# Best book on clicker training?



## Kaylee (Jun 11, 2011)

I just want basics of clicker training and basic manners. 
I have seen some stuff posted here already, but if there were book suggestions I must have missed them.

I think clicker training sounds like a fun and fairly easy way to get started training, and sometime before I get my dog I would like to learn about it. 
Plus, I can practice on chickens...

I know a lot of people use this with poodles, what books helped you the most?


----------



## Countryboy (May 16, 2011)

Clicker training will be a 'this winter's project' when I get the new dog. I talked to our club 'training expert' yesterday and she recommends this site to learn most of the basics. 

Karen Pryor's Clicker Training Library

I've not read her books yet but maybe someone else here can give u a review of them.


----------



## Kaylee (Jun 11, 2011)

Thank you! I'll check that out.


----------



## JE-UK (Mar 10, 2010)

Karen Pryor is the Goddess Of Clicker Training, and writes in a very accessible style. You can't go wrong.

If you want immediate gratification, there are a couple of very good clicker trainers who post training videos on Youtube; search on Kikopup and Tab289.

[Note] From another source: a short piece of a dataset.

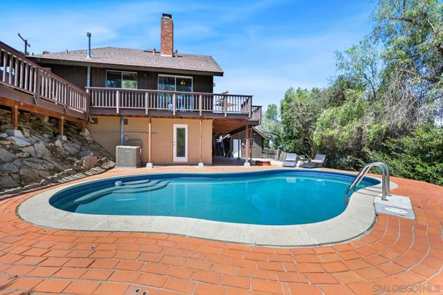 Secluded home offering cozy cabin vibes with stunning mountain views! Voluminous windows throughout bathe this 4-bedroom, 3-bath home in natural light. The entry-level includes 2 bedrooms, a full bathroom, kitchen, and living room—ideal for multi-generational living or added convenience. The spacious primary suite encompasses the entire top level, a loft-style retreat featuring vaulted wood-beamed ceilings with skylights, three closets, and serene panoramic views. The walk-out lower level adds incredible versatility with a full bedroom, bathroom, and spacious recreation room—perfect for guests, extended family, or potential rental income. The lower-level bathroom also functions as a cabana bath with direct pool access, enhancing seamless indoor-outdoor living and entertaining. Enjoy outdoor living at its finest with an expansive wraparound Trex composite deck, sparkling Pebble-Tec pool with newer pump and filter, and a pool safety fence. The grounds are thoughtfully equipped with an automatic sprinkler system, fruit trees, chicken coop, and swing set—offering both functionality and charm. Detached two-car garage with extensive built-in storage beyond the parking bays. Below the garage, a large powered workshop provides exceptional space for projects or hobbies, complemented by an additional storage shed. This property offers quiet living while being close to all conveniences. Additional highlights include a brand new high-efficiency HVAC system, recently painted interior, solar, and potential for an ADU or garage conversion. A full list of upgrades will be provided upon inquiry.

Good luck and let us know how you get on. My dog LOVES it when the clicker comes out!


----------



## Kaylee (Jun 11, 2011)

Thanks! I guess I should get one of Karen Pryor's books, then.


----------



## Kaylee (Jun 11, 2011)

Ok, I've just got to say this for anyone looking this up in the future - I got Reaching The Animal Mind, by Karen Pryor, and it is AWESOME. Lots of information, including step by step instructions for several basic things. The part on why it works so well scientifically was really interesting. When I started it I wasn't sure quite how I would do training; every time before I tried teaching a pet something it didn't really work. But reading that book, I see I can do it. 
In fact, as soon as my clickers arrived I tried it with my new chicken, and now she comes when I call. House training is next! Also, now my horse targets the palm of my hand when I hold it up. That took about five minutes while I was grooming today. I'm going to recommend this and clicker training in general to everyone I know with animals, of course including people here.


----------



## JE-UK (Mar 10, 2010)

She's fantastic, isn't she? I keep an eye on her seminar schedule, in case she ever speaks in the UK. Would love to hear her in person.


----------